Were there unhelpful desires for more praise and recognition? Absolutely. But those didn’t stem from the moral transgression of pride. They stemmed from an entire lifetime of having my direct connection to God questioned and undermined. Honestly, when you’re told that God wouldn’t even be able to look at you if his son hadn’t died in your place, that’s a sludgy source of identity. Saying “I’m valuable because I’m hidden in Christ” is to say that everything about me is actually bad (yes, this tracks) and the best I can hope for is to be allowed to exist, unpunished.

Oh the way we got off on that worm theology!

Unlike ambition and achievement, personality and individuality were rarely such explicit targets of sin-eradication, but it showed up in the way we were disciplined and discipled.
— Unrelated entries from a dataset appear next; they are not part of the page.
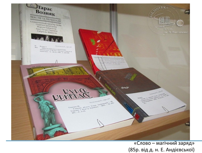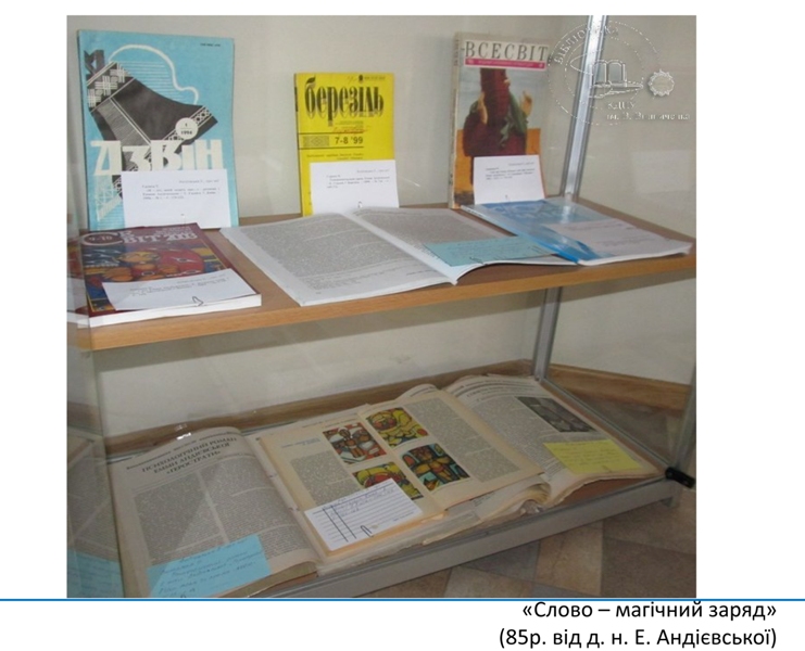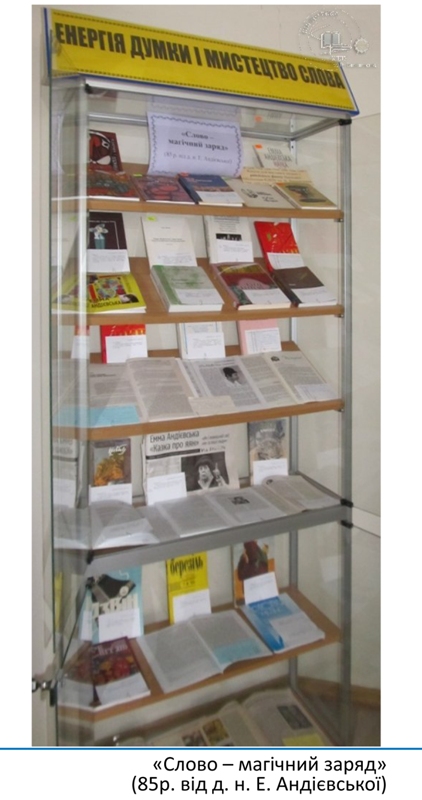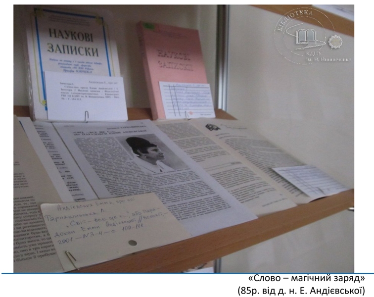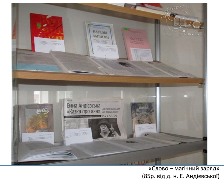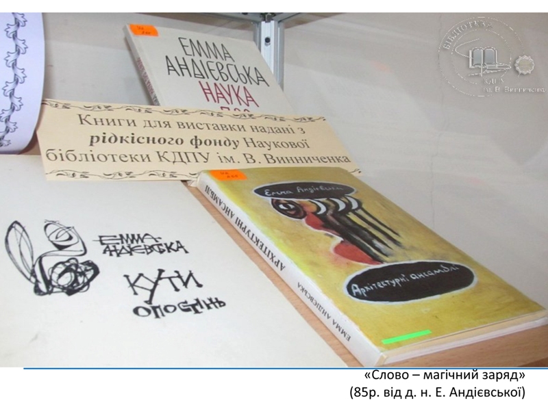 В читальному залі філологічних дисциплін бібліотеки університету, з 18 по 28 березня експонується виставка «Слово – магічний заряд», присвячена 85-й річниці від дня народження Емми Андієвської. Допитливий читач має змогу ознайомитися детальніше з відомою усьому світові поетесою, яка все життя прожила за межами України, але серцем і душею завжди була з нею.
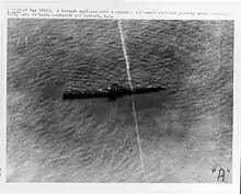 To avoid "shaking hands with St. Peter" (as Lockwood put it),[27] E.A. Johnson, USNR, supervised by Taylor, dropped dummy warheads filled with sand from a crane raised to a height of 90 feet (27 m). In 7 out of 10 of these trials, firing mechanisms bent, jammed, and failed with the high inertia of a straight-on hit (the prewar ideal).[28] A quick fix was to encourage "glancing" shots[29] (which cut the number of duds in half),[28] until a permanent solution could be found. Lightweight aluminum alloy (from propellers[28] of Japanese planes shot down during the attack on Pearl Harbor) was machined to take the place of the Mark 6's heavy pin block so inertial forces would be lower. Electrical switches, developed by Johnson,[28] were tried as well. Both fixes worked and were relatively easy to implement. In September 1943, the first torpedoes with new contact pistols were sent to war.[30] "After twenty-one months of war, the three major defects of the Mark 14 torpedo had at last been isolated. ... Each defect had been discovered and fixed in the field—always over the stubborn opposition of the Bureau of Ordnance."[29]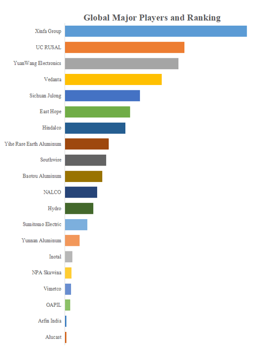 YHResearchのトップ企業研究センターによると、アルミ線の世界的な主要製造業者には、Xinfa Group、UC RUSAL、YuanWang Electronics、Vedanta、Sichuan Julong、East Hope、Yihe Rare Earth Aluminum、Hindalco、Southwire、Baotou Aluminumなどが含まれている。2023年、世界のトップ10企業は売上の観点から約62.0%の市場シェアを持っていた。

Ask anyone who was part of it. Being different, wanting to be different, was labeled pride. Ironically, you could still stand out, not by being unique or healthy, but by being MORE CHRISTLIKE. So more submissive, more patient. More serious about the mortification of sin. Wormier. You were better if you kept your faith through more suffering, courted instead of dated, saved your first high-five for marriage, raised financial support so that a 20-something year old bro with a “calling” could tell you how to live your life and take credit for your work. Whatever it was, the way to stand out was to be more of what the authorities wanted. If you expressed pride about that, you’d be hip-checked pretty hard, but as long as you were quiet and serving the goals of the institutions and authority figures of the church, you could have as much pride as you wanted. Your robot, loaded with code placed there by pastors and parents, could be a better robot.

Which brings us back to the opening: pride — the belief that you are BETTER than everyone else — does lead to all sorts of harm. But we were in a system that squashed the prophetic voices—those with Self directly connected to God—that could point that out. Better robots could have authority over worse robots, but Self, which would fry all the robot motherboards, was exiled.

And that, my friends, is why when I left evangelicalism, I was looking for a new code for my robot. I was looking for a new external criteria to give me value, to call me good. Without these inputs, my robot could not operate. Which is why I was melting down, as per my last most.

And if a healing visit to a prayer center gave me a glimpse at what God had been up to, it was my quest for ego death that showed me the role the Self would play in that new life.